Wednesday, February 17, 2010

Tourism

Before discussing something particularly interesting to me in Illouz's article, I want to say that I really enjoyed reading it because it was a. so well grounded with simple examples at points where the language is mildly ambiguous, b. very cogently written, and c. it is a very clear nuancing of older ideas that does not "call them out" as being wrong, but very appropriately recognizes that these ideas may be latent in other critiques/analyses of consumer culture, but ought to be made explicit - simultaneously recognizing this article is a point of departure/expansion, rather than the end all be all of articles on emotion and consumerism.

So, I'm not sure if we're going to talk about this later, but I want to talk a little bit about the tourism that is mentioned in the article. I think the points made about LA Gang Tours are really interesting, so I'm going to work in a slightly different direction - towards the particularly hyperreal tourism that goes on. Of course, disaster tourism is itself in many ways hyperreal by constructing a safe space of experience while looking at disaster, but I'm more interested in the particularly hyperreal tourist attractions. Which of course brings up Disneyland.

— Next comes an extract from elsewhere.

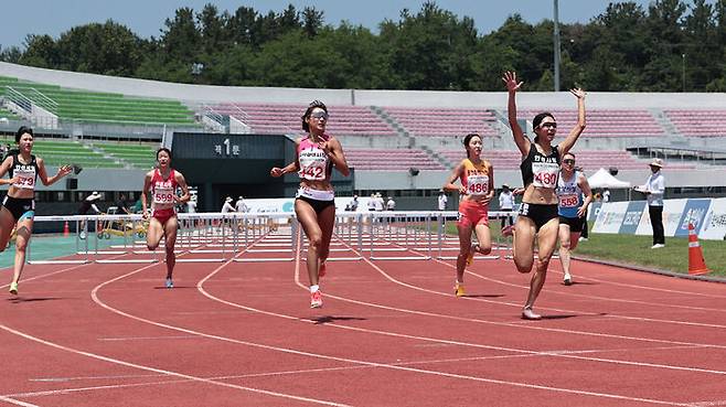 류나희는 오늘(10일) 익산 종합운동장에서 열린 대회 여자 100m 허들 결승에서 13초52의 개인 최고 기록을 세우며 가장 먼저 결승선을 통과했습니다.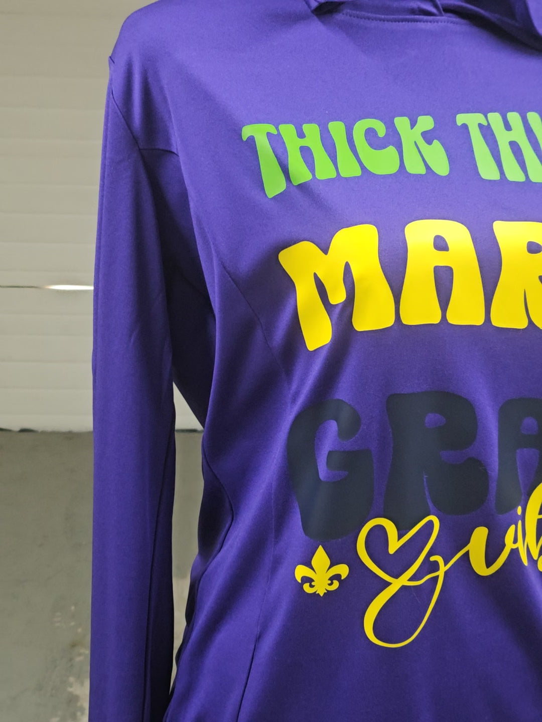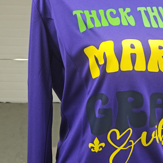 "Thick Thighs" Mardi Gras Lightweight Hooded Pullover

Mainstreet USA kind of defines hyperreality; it is a sign for the idealized America of the 1950s that never really existed. Not to mention the rest of the park - and Disney even went a step further by making it so for most people, once they visited the park, it was already nostalgic since they already knew the park because of the TV show The Wonderful World of Disney. Here's the opening:

This is really interesting to me from a consumer level because it means not only is there nostalgia present in the literal presentation of Mainstreet USA (which at the time must have been very surreal - an attraction that is already nostalgic for itself), but there is also some feeling of nostalgia/etc for the show/watching the show. Further, we know it is unreal, yet it still evokes a sense of nostalgia for the past. I think Baudrillard's point about the function of Disneyland is really salient in this particular case - "Disneyland is presented as imaginary in order to make us believe that the rest is real, when in fact all of Los Angeles and the America surrounding it are no longer real, but of the order of the hyperreal and of simulation." In the context of LA Gang Tours in particular, this makes a lot of sense - the tours seem more real because Disneyland is less than an hour away, and those tours are NOT the idealized America (well, maybe they are in some sense) that Disneyland marks. Indeed, our nostalgia/emotions towards the rest of our consumer society are in some way taken out of the realm of fictional emotion because of places like Disneyland. I think this works further on the level of other advertising (like for toothpaste), where our emotions that are derived from consumer habits (like going to the mall and whatever else) seem more real because they do not flow directly/they do not copy exactly the model presented by advertisements.